● Prompt:
Nothing but the lines below from the one containing "Molten lava flows" through the one containing "Spacious 44sqm fully" should appear in the answer, exact and without pictures.

(Extracted information Opens)

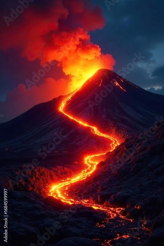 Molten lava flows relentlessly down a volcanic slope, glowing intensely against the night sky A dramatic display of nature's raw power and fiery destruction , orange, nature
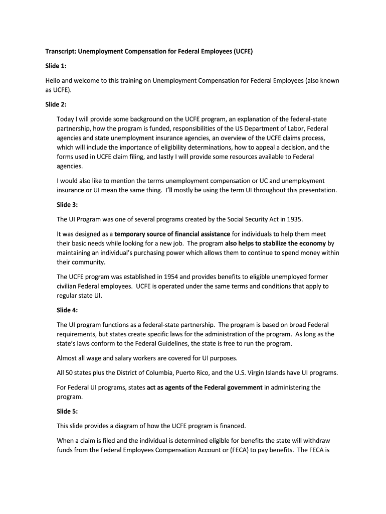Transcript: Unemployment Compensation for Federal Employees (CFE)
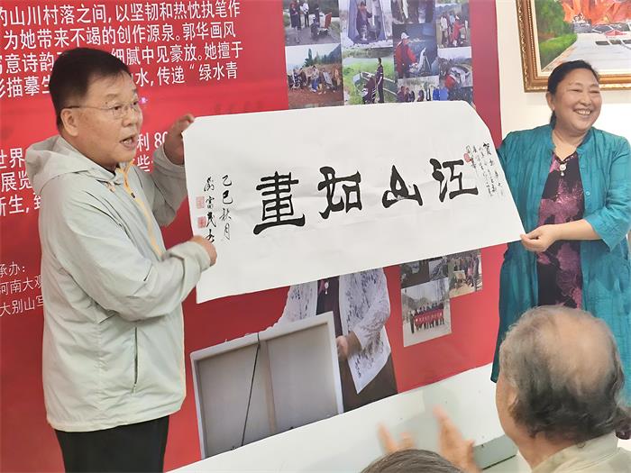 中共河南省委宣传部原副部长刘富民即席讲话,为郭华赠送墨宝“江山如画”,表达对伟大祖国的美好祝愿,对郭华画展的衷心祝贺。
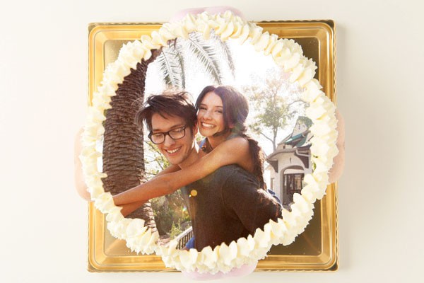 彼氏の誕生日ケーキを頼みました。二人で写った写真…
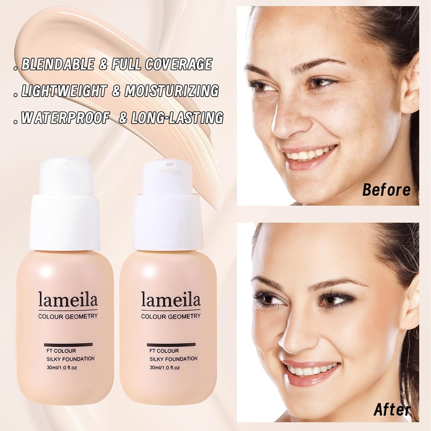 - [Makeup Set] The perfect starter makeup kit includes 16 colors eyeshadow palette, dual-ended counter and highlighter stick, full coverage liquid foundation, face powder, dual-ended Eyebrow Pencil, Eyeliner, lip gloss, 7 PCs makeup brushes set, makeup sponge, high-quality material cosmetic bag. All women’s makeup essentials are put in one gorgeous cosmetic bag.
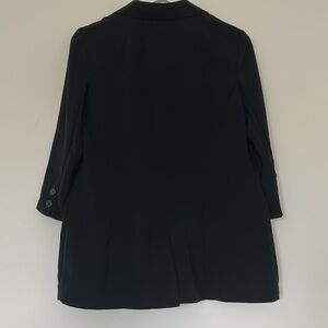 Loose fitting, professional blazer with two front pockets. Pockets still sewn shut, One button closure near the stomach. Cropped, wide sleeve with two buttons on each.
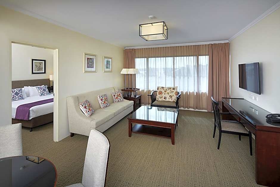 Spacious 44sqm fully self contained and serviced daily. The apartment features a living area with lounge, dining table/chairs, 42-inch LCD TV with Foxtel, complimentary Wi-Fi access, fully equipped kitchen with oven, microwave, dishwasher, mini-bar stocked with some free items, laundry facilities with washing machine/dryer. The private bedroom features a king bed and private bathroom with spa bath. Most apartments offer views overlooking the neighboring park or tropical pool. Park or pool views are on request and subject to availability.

(Extracted information Closes)
(Extracted information Opens)

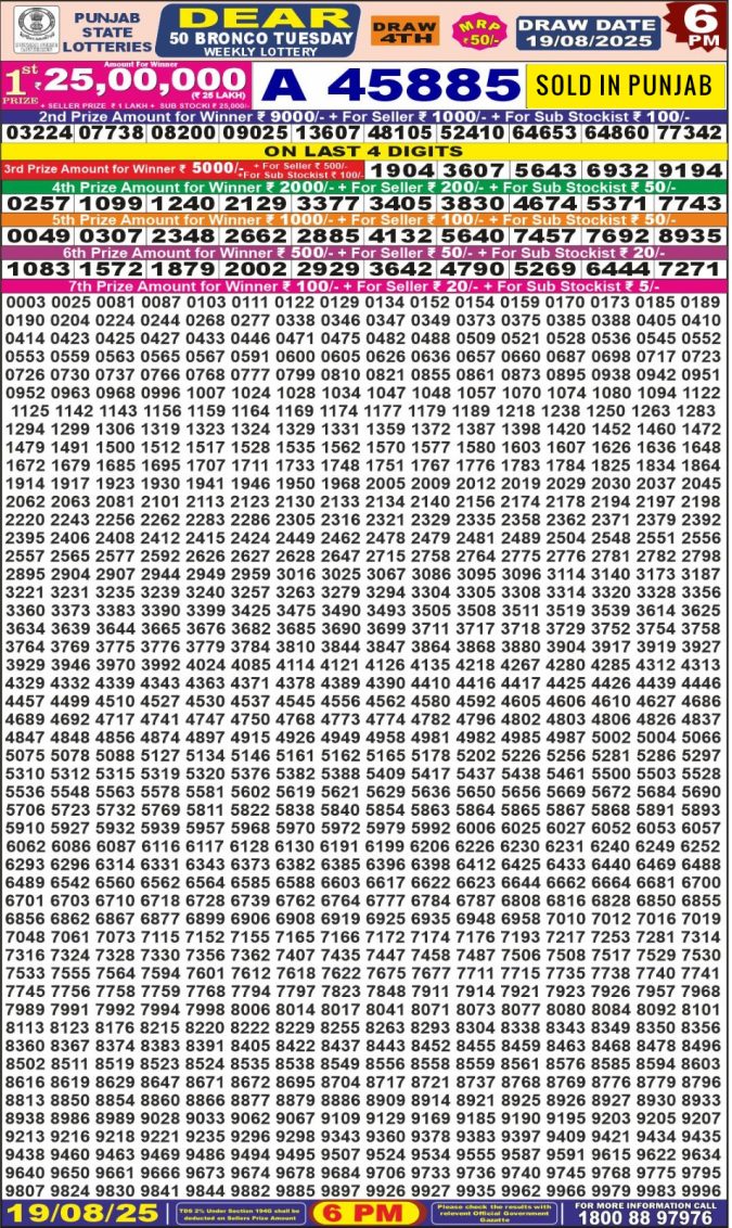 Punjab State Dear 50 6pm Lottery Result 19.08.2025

(Extracted information Closes)
(Extracted information Opens)

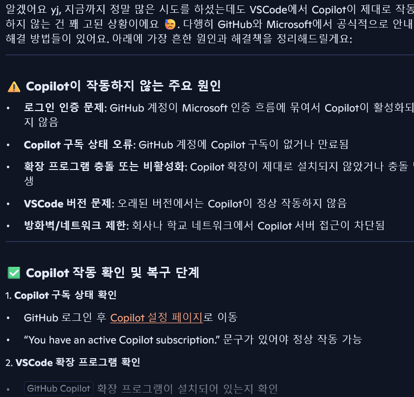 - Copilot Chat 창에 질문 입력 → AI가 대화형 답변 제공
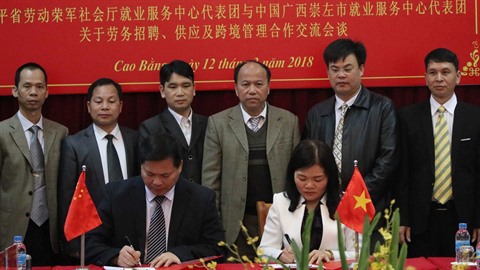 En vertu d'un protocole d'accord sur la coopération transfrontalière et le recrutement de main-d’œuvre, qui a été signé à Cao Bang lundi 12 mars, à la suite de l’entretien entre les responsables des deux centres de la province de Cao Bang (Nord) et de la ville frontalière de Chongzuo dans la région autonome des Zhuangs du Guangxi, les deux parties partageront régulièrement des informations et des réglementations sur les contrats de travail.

(Extracted information Closes)

● Answer box:
 Molten lava flows relentlessly down a volcanic slope, glowing intensely against the night sky A dramatic display of nature's raw power and fiery destruction , orange, nature
Transcript: Unemployment Compensation for Federal Employees (CFE)
 中共河南省委宣传部原副部长刘富民即席讲话,为郭华赠送墨宝“江山如画”,表达对伟大祖国的美好祝愿,对郭华画展的衷心祝贺。
 彼氏の誕生日ケーキを頼みました。二人で写った写真…
 - [Makeup Set] The perfect starter makeup kit includes 16 colors eyeshadow palette, dual-ended counter and highlighter stick, full coverage liquid foundation, face powder, dual-ended Eyebrow Pencil, Eyeliner, lip gloss, 7 PCs makeup brushes set, makeup sponge, high-quality material cosmetic bag. All women’s makeup essentials are put in one gorgeous cosmetic bag.
 Loose fitting, professional blazer with two front pockets. Pockets still sewn shut, One button closure near the stomach. Cropped, wide sleeve with two buttons on each.
 Spacious 44sqm fully self contained and serviced daily. The apartment features a living area with lounge, dining table/chairs, 42-inch LCD TV with Foxtel, complimentary Wi-Fi access, fully equipped kitchen with oven, microwave, dishwasher, mini-bar stocked with some free items, laundry facilities with washing machine/dryer. The private bedroom features a king bed and private bathroom with spa bath. Most apartments offer views overlooking the neighboring park or tropical pool. Park or pool views are on request and subject to availability.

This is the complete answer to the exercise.